§ What you have to do:
Reproduce exactly the first line of the material below and every line after it, ending with the line that contains "ABB dual power". No pictures should be copied.

§ Source data:
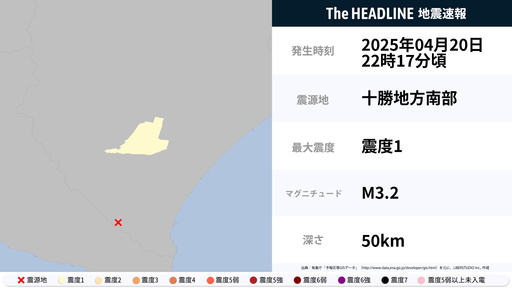 4月20日22時17分頃、北海道で最大震度1の地震を観測
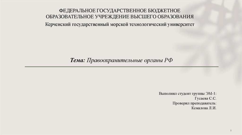 • Органы исполнительной власти, осуществляющие правоохранительные функции:
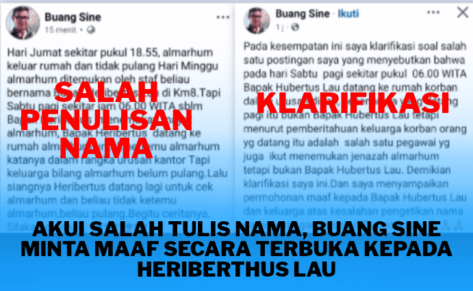 ”Sebenarnya yang datang pagi itu bukan Bapak Hubertus Lau, tetapi menurut pemberitahuan keluarga korban, orang yang datang itu adalah salah satu pegawai yang juga ikut menemukan jenazah almarhum,” tulis Buang Sine dalam unggahan klarifikasinya.
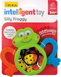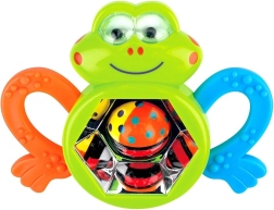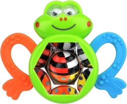Táto farebná žabka zaujme deti od 3 mesiacov svojimi kontrastnými farbami, bezpečnými textúrami a zábavnou točiacou sa zrkadlovou guličkou, ktorá pri pohybe hrkoce. Ergonomické „packy“ slúžia ako hryzátko a vďaka protišmykovým vzorom sa ľahko držia aj malými rúčkami.
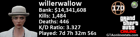 [URL=http://GTAonlinestats.com/showplayer/willerwallow/2][IMG]http://GTAonlinestats.com/signature/willerwallow/2/sig.png[/IMG][/URL]
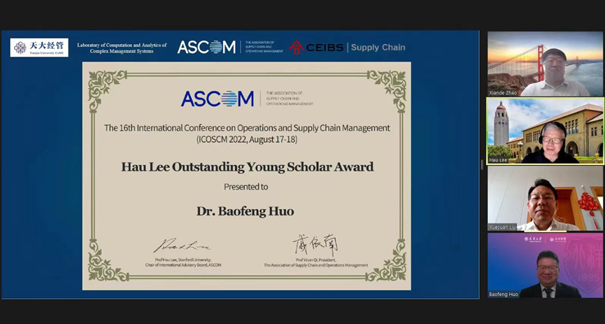 本站讯(通讯员 宇文慧)8月18日上午,国际供应链与运营管理学会(Association of Supply Chain and Operations Management, ASCOM)组织了2022第十六届运营与供应链管理国际会议(The 16 thInternational Conference on Operations and Supply Chain Management, ICOSCM 2022)的颁奖环节,霍宝锋教授获得第一届Hau Lee Outstanding Young Scholar Award。ASCOM前主席、武汉大学经济管理学院刘学元教授为获奖人颁发证书。
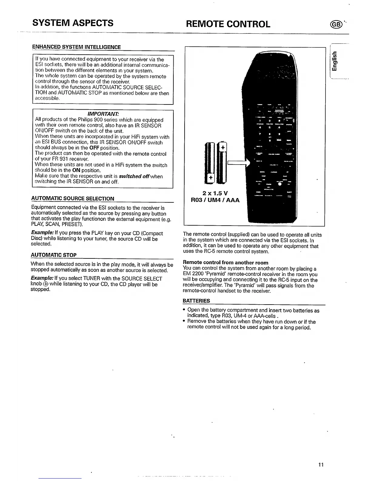 Philips FR 931 - Remote Control and System Integration; Enhanced System Intelligence (ESI); Automatic Source and Stop Features; Remote Control Usage
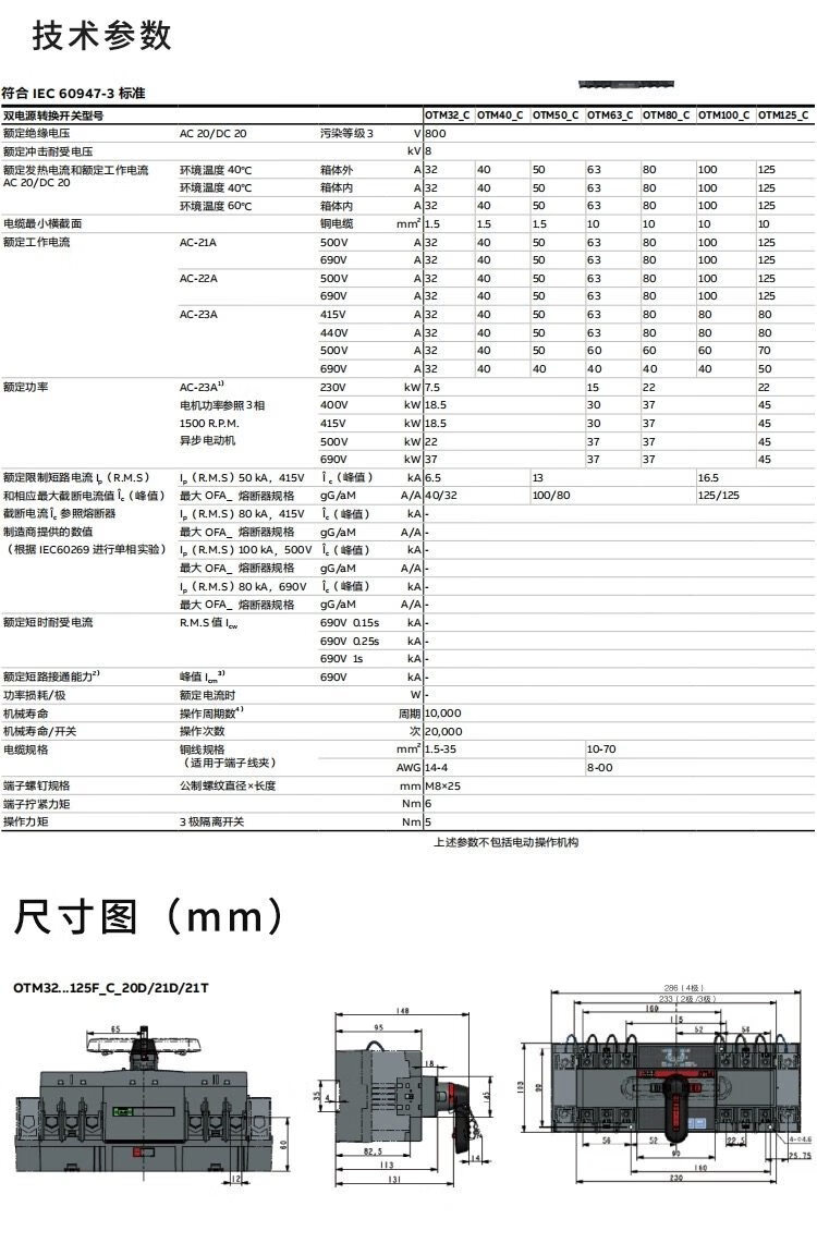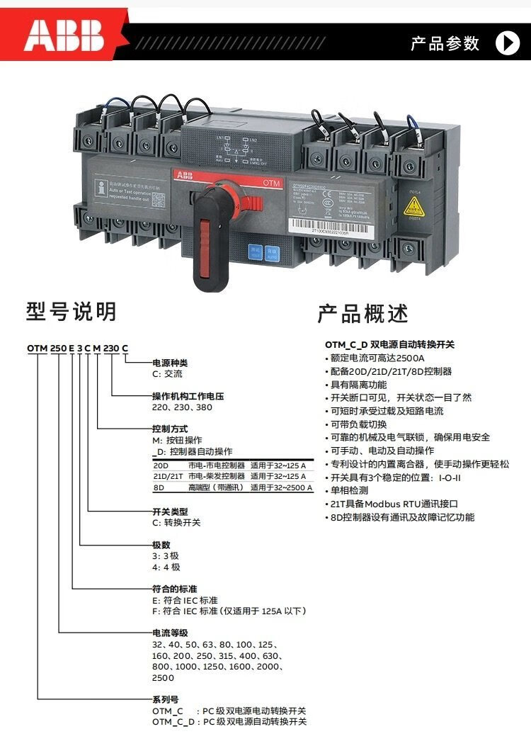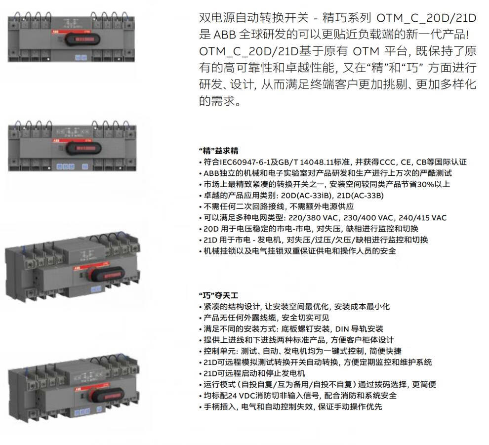 ABB dual power switch series compact series automatic transfer switch OTM32F4C20D380C
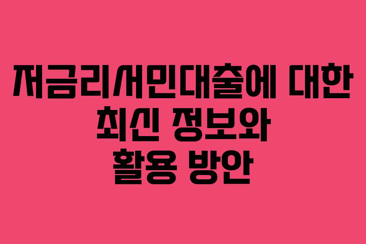 저금리서민대출은 많은 사람들에게 실질적인 도움이 되는 대출 상품입니다. 국가가 지원하는 이 대출은 신용등급이 낮은 서민들에게도 접근할 수 있는 기회를 제공합니다. 이 글에서는 2026년 기준으로 저금리서민대출의 현황과 이용 방법에 대해 자세히 알아보겠습니다.
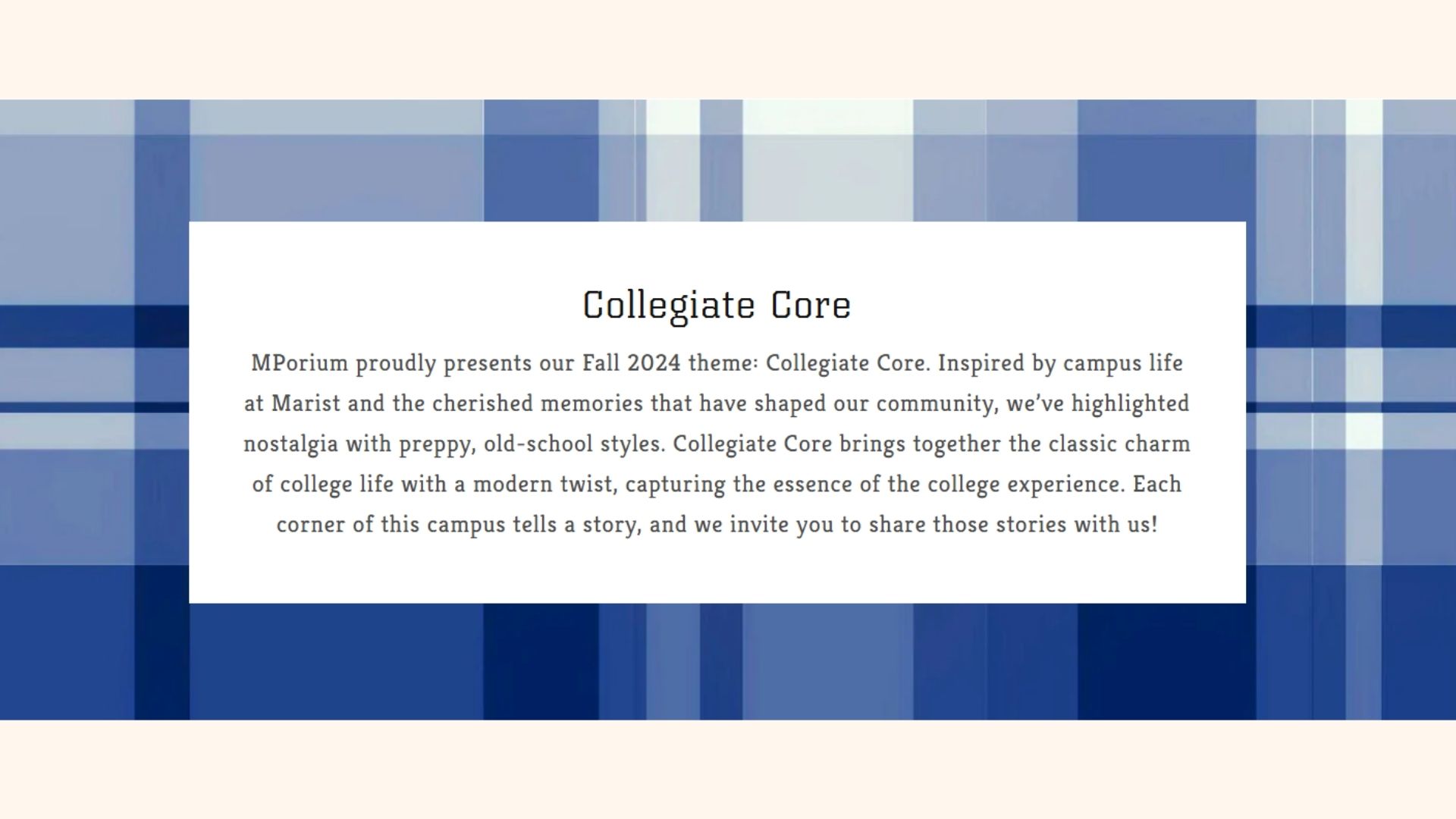 The Fall 2024 theme: Collegiate Core is inspired by campus life at Marist and the cherished memories that have shaped our community, we’ve highlighted nostalgia with preppy, old-school styles. Collegiate Core brings together the classic charm of college life with a modern twist, capturing the essence of the college experience.
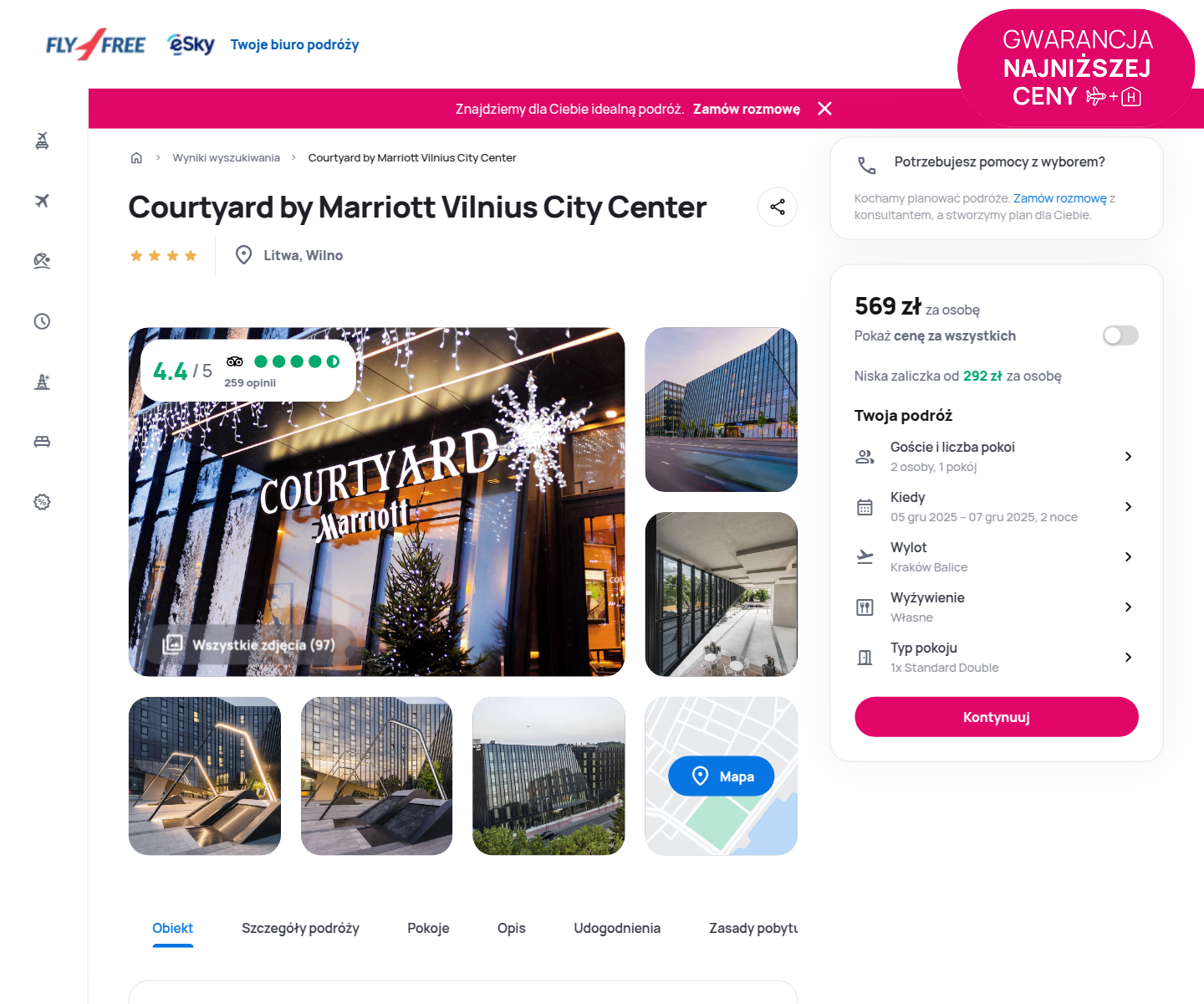 Na miejscu czeka na ciebie luksusowy 4* hotel Marriot, zlokalizowany w centrum miasta, co sprawia, że będzie to idealna baza do zwiedzania. Wilno to miasto pełne historycznych atrakcji – koniecznie odwiedź starówkę wpisaną na listę UNESCO, Ostrą Bramę oraz wieżę Giedymina. W grudniu szczególnie warto zobaczyć choinkę na placu Katedralnym, uznawaną za jedną z najpiękniejszych w Europie.

§ Solution to this exercise:
 4月20日22時17分頃、北海道で最大震度1の地震を観測
 • Органы исполнительной власти, осуществляющие правоохранительные функции:
 ”Sebenarnya yang datang pagi itu bukan Bapak Hubertus Lau, tetapi menurut pemberitahuan keluarga korban, orang yang datang itu adalah salah satu pegawai yang juga ikut menemukan jenazah almarhum,” tulis Buang Sine dalam unggahan klarifikasinya.
Táto farebná žabka zaujme deti od 3 mesiacov svojimi kontrastnými farbami, bezpečnými textúrami a zábavnou točiacou sa zrkadlovou guličkou, ktorá pri pohybe hrkoce. Ergonomické „packy“ slúžia ako hryzátko a vďaka protišmykovým vzorom sa ľahko držia aj malými rúčkami.
 [URL=http://GTAonlinestats.com/showplayer/willerwallow/2][IMG]http://GTAonlinestats.com/signature/willerwallow/2/sig.png[/IMG][/URL]
 本站讯(通讯员 宇文慧)8月18日上午,国际供应链与运营管理学会(Association of Supply Chain and Operations Management, ASCOM)组织了2022第十六届运营与供应链管理国际会议(The 16 thInternational Conference on Operations and Supply Chain Management, ICOSCM 2022)的颁奖环节,霍宝锋教授获得第一届Hau Lee Outstanding Young Scholar Award。ASCOM前主席、武汉大学经济管理学院刘学元教授为获奖人颁发证书。
 Philips FR 931 - Remote Control and System Integration; Enhanced System Intelligence (ESI); Automatic Source and Stop Features; Remote Control Usage
 ABB dual power switch series compact series automatic transfer switch OTM32F4C20D380C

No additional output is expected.